La mayoría estaban vestidos con trajes especiales de protección para evitar riesgo de infección, a pesar de que sabían perfectamente que el virus no se contagiaba por el aire.

Una joven doctora, fuera de la verja metálica, se encontraba rodeada de una pequeña multitud, con un tablet en sus manos.

La gente a su alrededor les decía los nombres de sus familiares y amigos y ella se encargaba de buscar los nombres en la lista de evacuados en su tableta.

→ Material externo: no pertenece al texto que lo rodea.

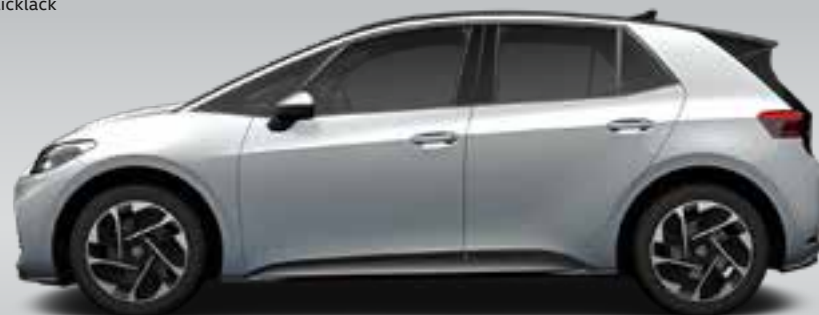
Scale Silver | T Metallicklack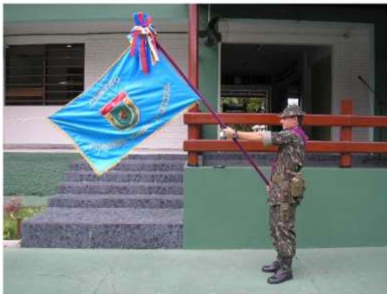
FIGURA 2 - ESTANDARTE HISTÓRICO DO CIGS 126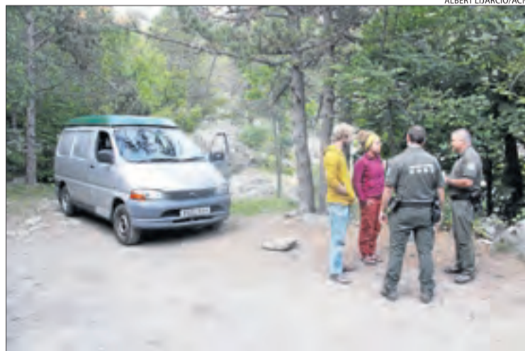
Dos agents rurals informen excursionistes de la normativa.

L'objectiu és dissuadir possibles pernoctacions, ja que, a banda d'infringir la normativa, l'activitat genera una problemàtica de saturació i de degradació dels aparcaments habituals als accessos a l'entorn. En aquests controls, els Rurals han informat sobre la regulació en un total de 231 ocasions a l'agost.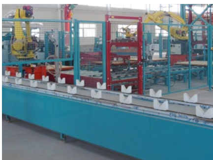
催化剂输送线 Catalyst conveyor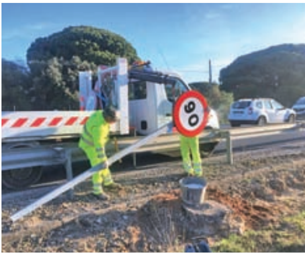
Operarios cambian una de las señales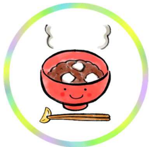
ほっと一息☆白玉ぜんざい(無料♪)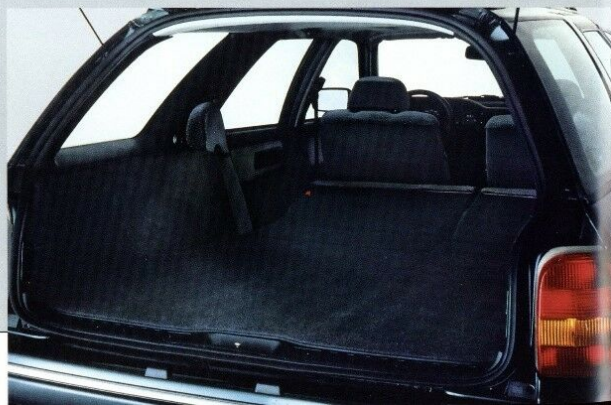
... bis zu 1600 Litern (VDA).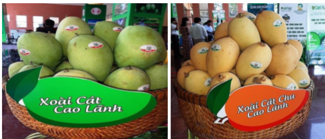
Hình 4. Hình xoài thương hiệu “ Xoài Cao Lãnh” và thương hiệu “ Xoài Cát Chu Cao Lãnh” theo tiêu chuẩn GlobalGAP và theo tiêu chuẩn VietGap.

Huyện Cao Lãnh được gọi là “vương quốc của Xoài” và là một trong những địa phương đứng đầu cả nước về diện tích trồng xoài với hơn 9.200 ha trong tổng số 5.598 ha diện tích cây ăn trái trên toàn huyện. Trong đó, trồng nhiều nhất là xoài cát Chu và xoài cát cùng loại với xoài cát Hoà Lộc với sản lượng ước tính khoảng 30.000 tấn xoài/năm. Xoài Cao Lãnh từ lâu đã là loại trái cây đặc sản nổi tiếng của tỉnh Đồng Tháp. Nhiều năm qua, xoài Cao Lãnh được đánh giá cao trên thị trường tiêu thụ do chất lượng cao và ổn định. Tại các cuộc thi trái ngon vùng ĐBSCL, xoài Cao Lãnh luôn chiếm được những giải thưởng cao.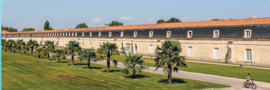
Sites historiques - Corderie Royale de Rochefort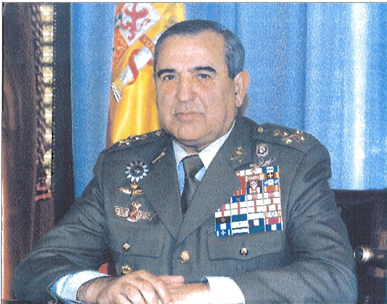
«La total profesionalización ha supuesto la mejora más importante de los últimos años para el Ejército»

La norma fundamental que se ha seguido ha sido la de sustituir la cantidad por la calidad, con el fin de mantener la capacidad de disuasión, es decir, tener un Ejército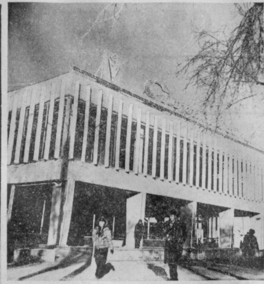
ПО ГОРОДАМ УЗБЕКИСТАНА, ИСКУС. МАГАЗИН СПОРТИВНЫХ ТОВАРОВ В ЦЕНТРЕ СТОЛИЦЫ АВТОНОМНОЙ РЕСПУБЛИКИ.

В поездку по Нечерноземью отправился фольклорно-инструментальный ансамбль «Гулистан». Самодеятельные артисты выступят с концертами перед труженниками новых совхозов Исковской и Новгородской областей, в строительстве которых принимают участие посланцы солнечного Узбекистана, в том числе и голландцы. К этой поездке коллектив, удостоенный высокого звания народного, подготовил специальную программу. (УзТАГ).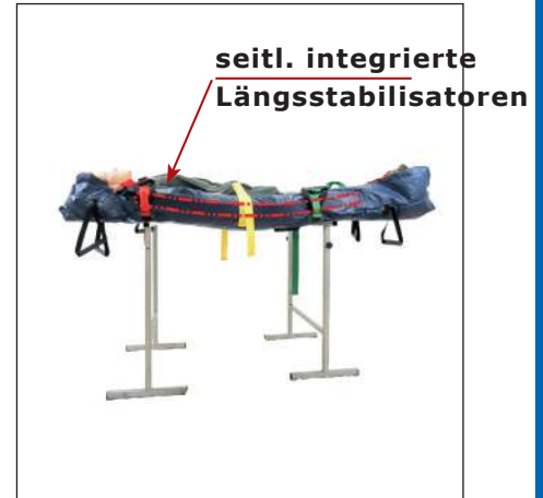
Durch seitlich, zusätzlich integrierte, Längsstabilisatoren bei den Varianten 813 K, 814 K, 816 K, 817 K und 818 K wird eine Stabilität auf Spineboard Niveau erzeugt.

Angeschweißte Griffe nicht in Richtung der Schweißflächen ziehen!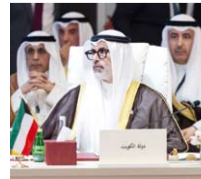
الشيخ جراح الجابر يرأس وفد الكويت في الاجتماع التشاوري

كما التقى وزير الخارجية الكويتي الشيخ جراح الجابر، نائب رئيس مجلس الوزراء وزير خارجية جمهورية العراق الشقيقة الدكتور فؤاد حسين، على هامش أعمال الاجتماع التشاوري العربي واجتماع مجلس جامعة الدول العربية على المستوى الوزاري في دورته العادية المستأنفة (165) المنعقدتين في العاصمة الأردنية عمان. وتم خلال اللقاء استعراض العلاقات الثنائية الأخوية بين البلدين الشقيقين وسبل تطويرها وتعزيزها بما يخدم مختلف المجالات، كما شهد اللقاء بحث مستجدات الأوضاع الإقليمية والجهود المبذولة حيالها.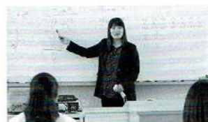
【ハンダ】 姜先生による丁寧で分かりやすい授業を通して、基礎を磨いています。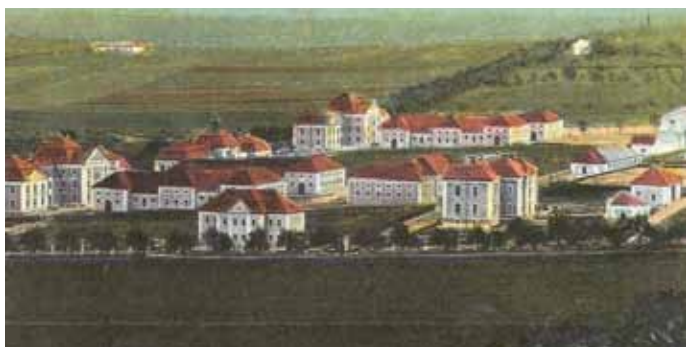
Obrázek 13 – kasárna Milana Rastislava Štefánika, Most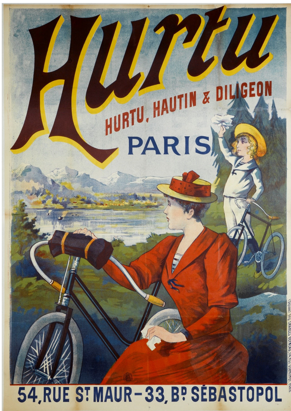
Plakat fra ca. 1890. Musée Carnavalet, Histoire de Paris.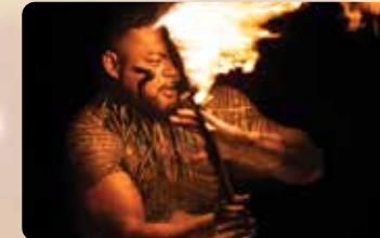
熱を感じるパフォーマンス 最高の席で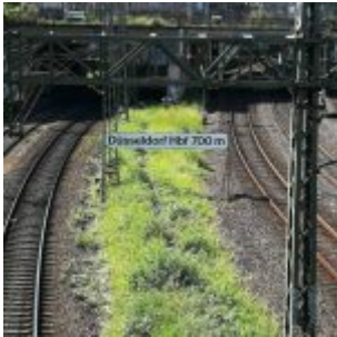
Düsseldorf bf 750 m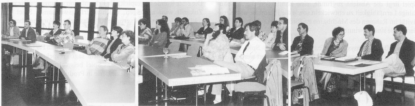
Gespannte Zuhörerrunde während der Projektpräsentation.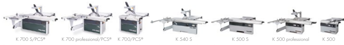
Kotoučové a formátovací pily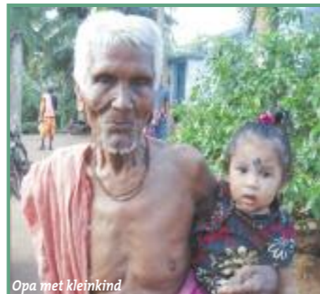
Opa met kleinkind

In dit internaat in de deelstaat Orissa verblijven momenteel 61 jongens. Zij volgen onderwijs in klas 1 tot en met 10 van de regeringsschool daar. De sanitaire voorzieningen in het internaat verkeren in een zeer slechte staat. De leiding vraagt SAC om ondersteuning voor de bouw van 4 toiletten en 4 doucheruimten. Daarnaast voor de aanleg van een watervoorziening en afvoer via een septic tank. Het gevraagde budget is € 2.772,=.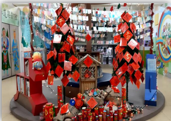
志工配合年節活動布置校園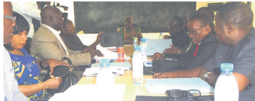
Les membres de la Fécofoot en pleine réunion

Le projet du budget de la Fédération congolaise de football (Fécofoot) exercice 2017, s'élevant à la somme d'1.280.500.000 francs Cfa, a été adopté le 15 avril au cours de la traditionnelle réunion du comité exécutif.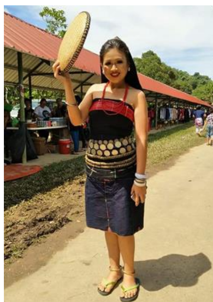
Rajah 1: Imej Pemakaian Sunduk .

Secara tradisinya, masyarakat Dusun Tindal mempunyai kemahiran yang tinggi dalam menghasilkan kraf tangan seperti anyaman dan sulaman pakaian. Kraf tangan anyaman biasanya menggunakan bahan alam semula jadi seperti kulit kayu, rotan, bambu dan kayu. Manakala kraf sulaman dihasilkan untuk membuat pakaian tradisional. Kearifan masyarakat Dusun Tindal dalam menghasilkan pakaian tradisional merupakan satu amalan yang diwarisi. Penghasilan pakaian tradisional wanita iaitu, sinipak dan rinagang mestilah lengkap dengan perhiasannya termasuk penghasilan sunduk .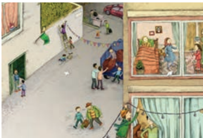
شکل ۵-۱- تصویرسازی برای جشن میلاد حضرت ولی عصر (عجل الله تعالی فرجه‌ه)

پس از انتخاب اتود نهایی، نوبت به انتخاب شیوه اجرا می‌رسد. در هر موضوع کاری، روش اجرا باید متناسب با محصول نهایی باشد. برای نمونه، استفاده از روش عکاسی در طراحی پوستر و یا محصولات بسته‌بندی شده مناسب به نظر می‌رسد. ممکن است در کار طراحی جلد و یا تصویرسازی، روش‌های بهتر دیگری نیز وجود داشته باشند.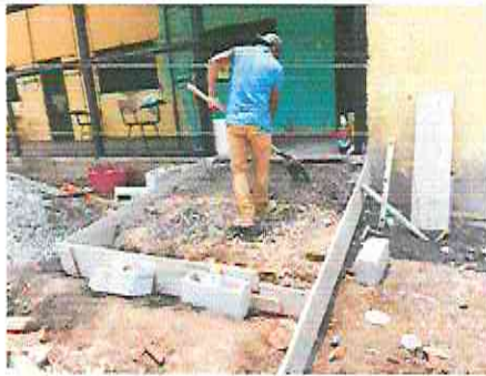
FOTO 1 REPARACIÓN DE RAMPA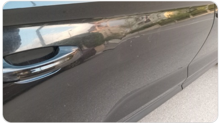
الباب الخلفي يمين : فبريكة (خرابيش - خبطات)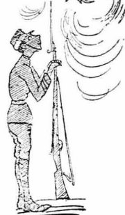
Ένα άστρο κρυφοκίταζε από τόν ούρανό.

Ήταν νύχτα άκόμα, βαρεία διά χειμωνιάτικη. Άπάνω, από τόν συνεμασμένο ούρανό, ένα άστεράκι κρυφοκίταζε από κάποια σιγιάμα ότων συννέφων. Κάτου-κάτου, μέσα στό χωριό, κανένα σκυλι γαύγιζε, άπαντώντας άγνωστον σε ποιους κρυφούς της φήσεως θούδους... Άπό τόν διπλανό τό σταύλο άκουγόntonσαν, από καιρό σε καιρό, τ'ά ποδοτυτήματα τών ζώων και μέσα στό καφενείο ροχάλιζαν βαρεία, σιγιά οι Άρβανίτες μπέηδες.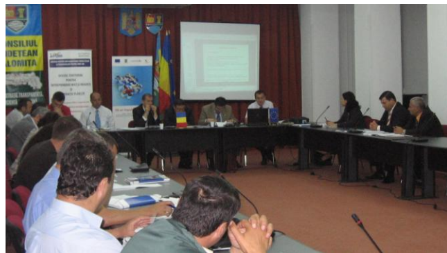
Sala de ședințe a Centrului Cultural „Ionel Perlea” Slobozia, 23 iunie 2010

Ialomița, ai presei locale, precum și reprezentanți de societăți comerciale din județ.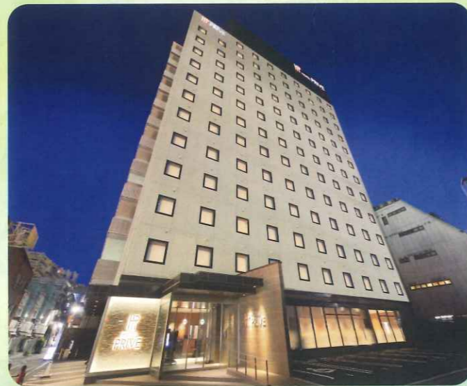
ホテルプリヴェ静岡【口コミ評価 駅近 No.1】 静岡駅南口から徒歩1分。 駅近唯一の最上階スカイSPAを完備したシティホテルです。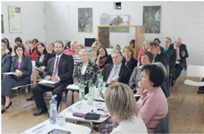
Kulatého stolu, který se konal v Brně 15. května na téma podpora rodin, se zúčastnili i zástupci státní správy a nestátního neziskového sektoru ze Slovenska, Polska a Maďarska.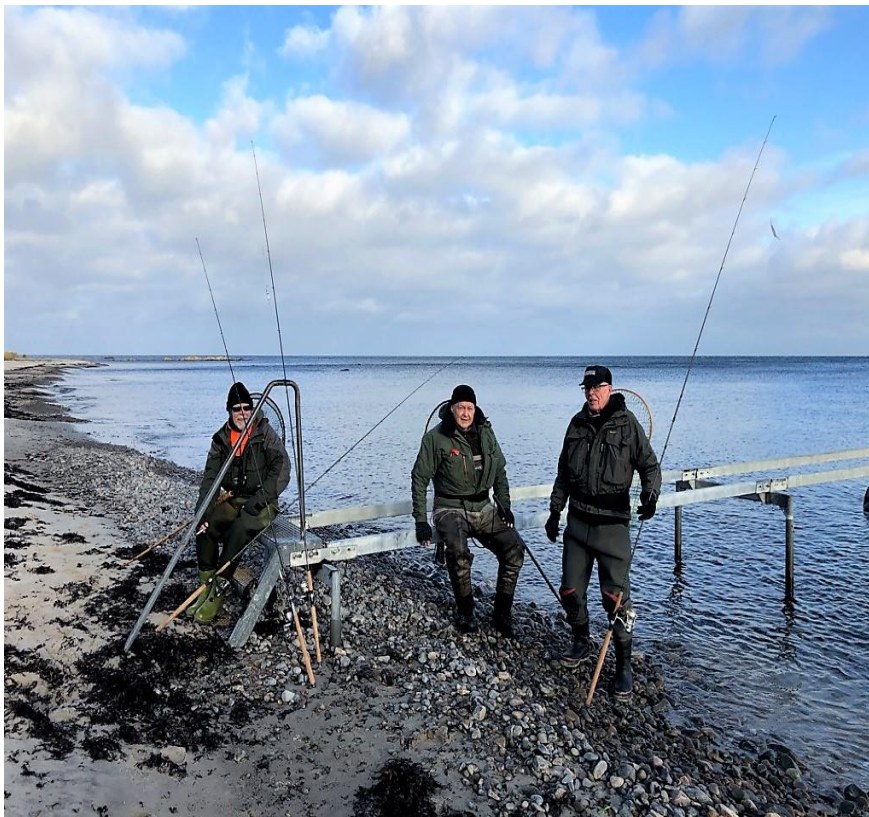
Tre af de barske gutter på Bornholm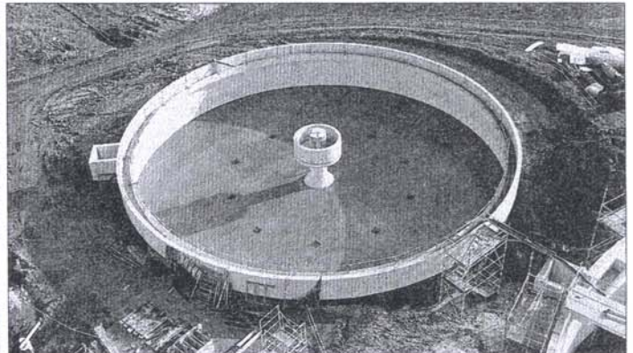
▲ Le chantier, qui a commencé au mois de juin 2009, a actuellement près de 2 mois d'avance sur les délais prévus. Du moins, avant la période de gel qui vient d'être entamée. Depuis plus d'une semaine, les travaux sont stoppés par le froid.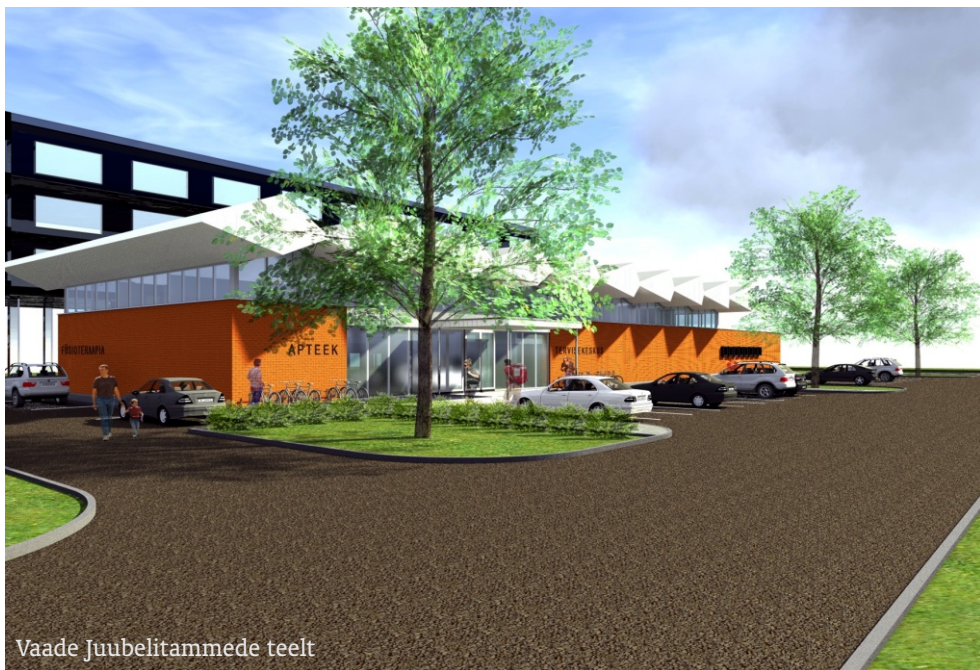
Vaade Juubelitamme teelt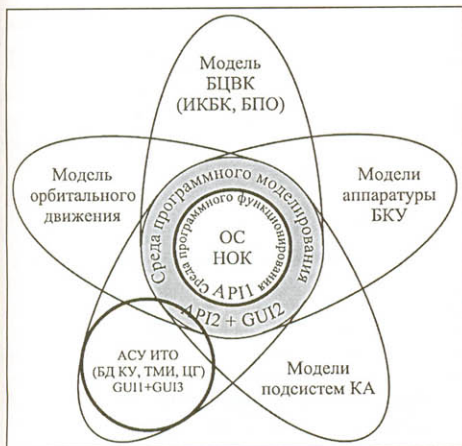
Рис. 2. Архитектура НОК БПО с обозначениями: БЦВК – бортовой цифровой вычислительный комплекс; ИКБК – интерпретатор команд бортового компьютера; БД КУ – база данных команд управления; ТМИ – телеметрическая информация; ЦГ – циклограммы испытаний; АСУ ИТО – АСУ испытаний и телеметрической обработки; GUI1 – штатный интерфейс; GUI2 – отладочный интерфейс; GUI3 – технологический интерфейс

ПО подсистем и БПО в целом в составе подсистем на инженерных моделях и летном изделии. Часть используемых методов рассмотрена выше в рамках гарантирования качества компонент.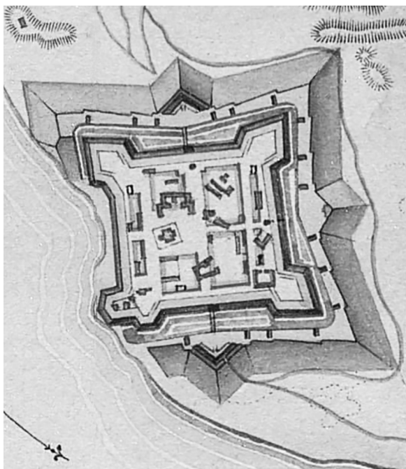
Рис. 2. План крепости Килия (нач. 1830-х гг.; Атлас крепостей 1830-е, 56).

На самом деле, если сравнить проект Килии 1794 г. с планом начала 1830-х годов, то на том оборонных объектов старой Килии сохранилось еще меньше (рис. 3). Кроме того, обращу внимание на то, что почти аналогичный проект был разработан А.Ж. де Лафиттом-Клаве в 1785 г. для форта Фанараки у входа в Босфор 6 . Хотя он не был осуществлен, Ф. Кауфер вполне мог воспользоваться им или его копией.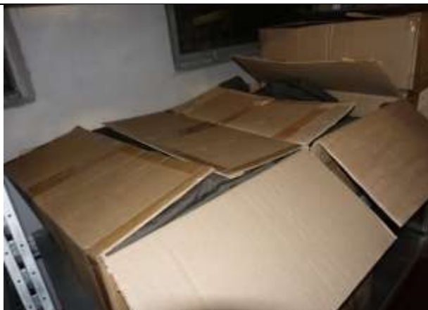
Фото № 5 Объекты оценки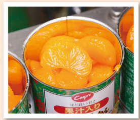
果汁を充填して商品になります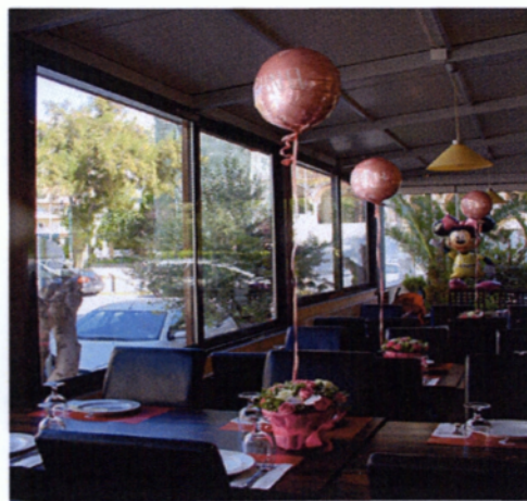
Εικόνα 4.16 Στολισμός τραπεζιών καλεσμένων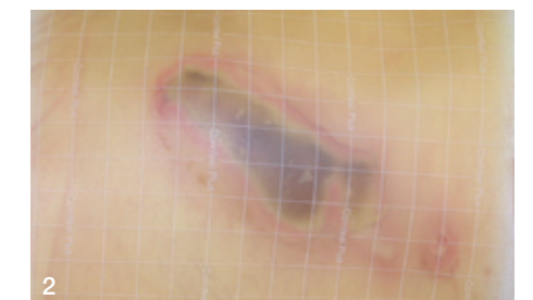
2 Hier beginnt das autolytische Débridement. Sekundärverband: Comfeel Plus Flexibel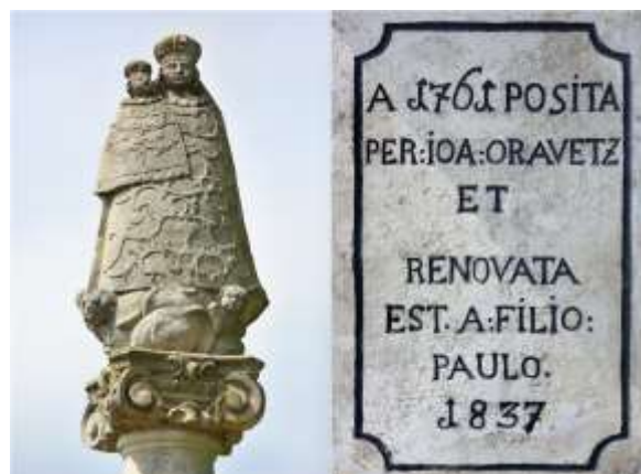
Socha na stĺpe Panna Mária s dieťaťom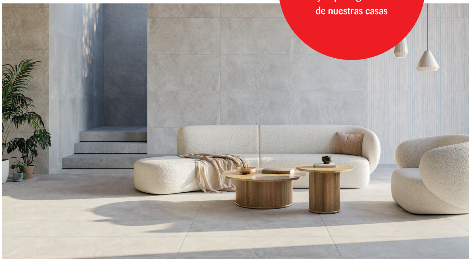
Ibero, Lune (60x120, 90x90, 60x60, 30x90 y 28,5x29 cm)

La cerámica lo tiene todo para ser el aliado perfecto y el protagonista de nuestras casas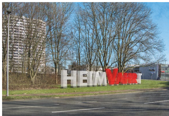
Visualisierung Schriftzug Bischof-Ketteler-Straße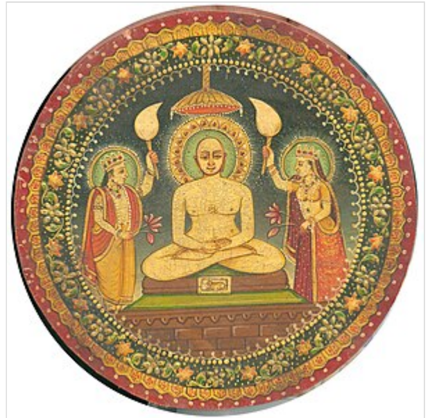
Pintura de Majavirá (en Rayastán , aprox. 1900).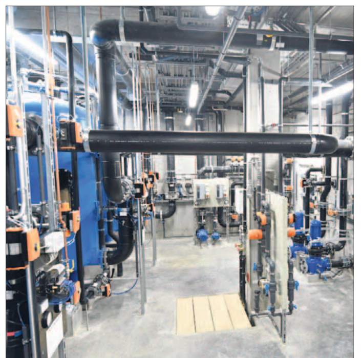
Gigantisch: Eine aufwendige neue Technik macht den Wasserspaß im Wellenfreibad Reutlingen erst möglich.

Bri y Jon se acercaron a la fila y esperaron a que llegara su turno. Algunos recibían buenas noticias, pero la mayoría no encontraba lo que buscaban. Poco a poco Jon perdía la esperanza, pero Bri había decidido mantener la fe, a pesar de que no era creyente.

Cuando por fin llegó el turno de ambos, el corazón parecía querer salir dentro del pecho de Bri. No dejaba de retorcer sus manos con nerviosismo y sus ojos se veían trastornados y en constante movimiento. Si no fuera por la situación, Bri parecería una auténtica loca.

—Nombre —bramó la joven sin molestarse en verlos.

—Zoe Collins —respondió Jon con rapidez pero sin perder el control.